* Records to process:
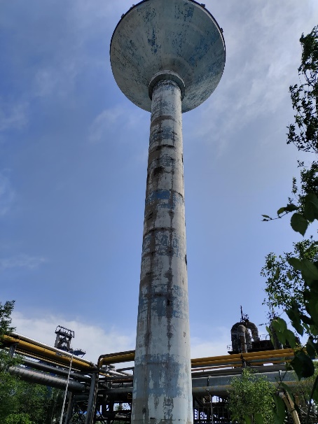 新疆天山鋼鐵巴州有限公司簡稱“巴州鋼鐵”,巴州鋼鐵煉鋼廠內(nèi)有一座事故水塔。水塔為鋼筋混凝土筒體結(jié)構,上部主要是倒錐形水箱,水箱檐口直徑14.62米,下部為圓柱形支筒,支筒外徑3.22米,水塔頂高度為43.08米。該水塔建于2011年,歷經(jīng)10余年的風吹雨打、酷暑嚴寒,水塔主體結(jié)構有多處老化和損傷,橫豎裂縫總長達187米之多。水塔成為鋼鐵廠的高危建筑,加固水塔成為巴州鋼鐵的一件心頭大事。
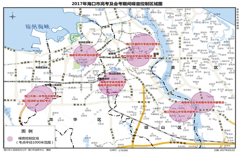 附:2017年海口市高考及会考期间噪音控制区域图
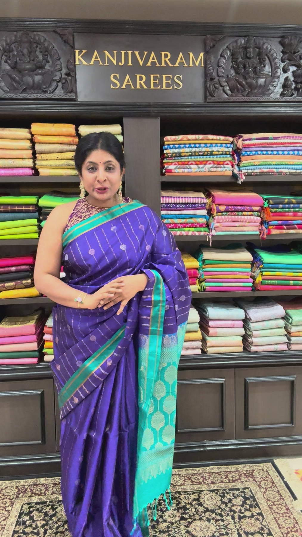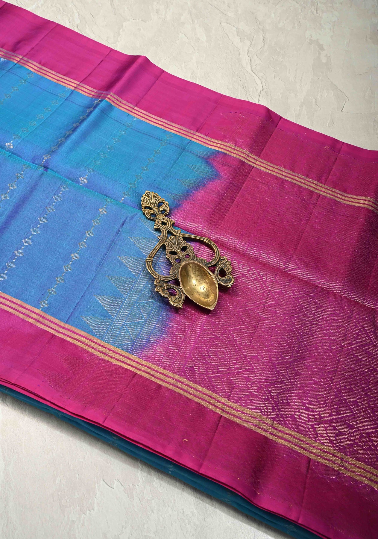The soothing Aegean blue dual tone body is enhanced with subtle zari stripes, adding a refined shimmer and contemporary appeal. Completing the look is a striking contrast magenta border, which brings vibrancy and classic Kanchipuram character to the saree. A timeless piece that beautifully balances tradition with modern elegance.
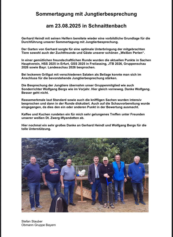 Es sind insgesamt 200 weisse Zwerg-Wyandotten in Erfurt gemeldet. 186 bei den Senioren, 10 in der Jugendgruppe und 4 Zwerg-Wyandotten amerikanischen Typs. Das ist ein sehr gutes Meldeergebnis !!!
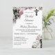 A design apresenta as imagens elegantes de rosas cor-de-rosa macio e híbridos brancos à medida que os curtiam. Imagem de um crucifixo prateado é apresentada no topo direito, assegurando aos seus convidados que esta é uma celebração católica. Seu texto é exibido em uma linda fonte de cor prateada; evento e nome de convidado de honra são apresentados em uma elegante fonte Nupcial. Projetado para coordenar com a "Coleção de Chás de panela Católica Elegante".
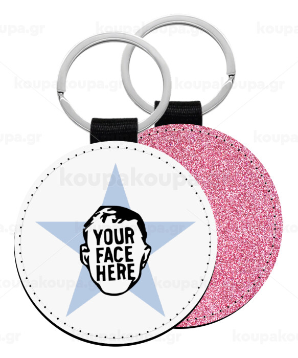 Leatherette keychain with glitter on one side and high resistance leatherette on the other. Safety ring for the keys.
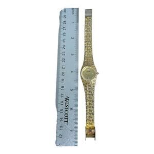 Vintage Moulin Quartz Watch Women Gold Tone Nugget Style Band Clear Stone Border around Bezel
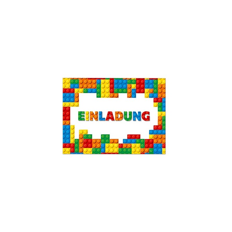 12 Invitation Cards for Children's Birthday Boys Building Blocks
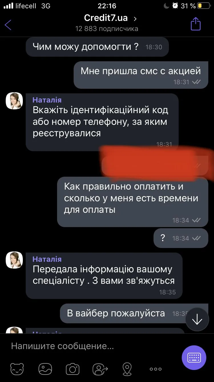 Марина,Увага АКЦІЯ! Кредит7 перед відступленням прав вимоги іншій компанії-дає можливість закрити кредит сплативши лише ТІЛО кредиту в сумі 2 500 грн,і Ваш кредит буде повністю погашено,на сьогодні загальна сумма боргу 7 250 грн. 0443841029,

* The problem: Retype, exactly and with no pictures, everything above from the line with "Vintage Moulin Quartz" down to the line with "12 Invitation Cards", both included.

* Exercise solution:
 Vintage Moulin Quartz Watch Women Gold Tone Nugget Style Band Clear Stone Border around Bezel
 12 Invitation Cards for Children's Birthday Boys Building Blocks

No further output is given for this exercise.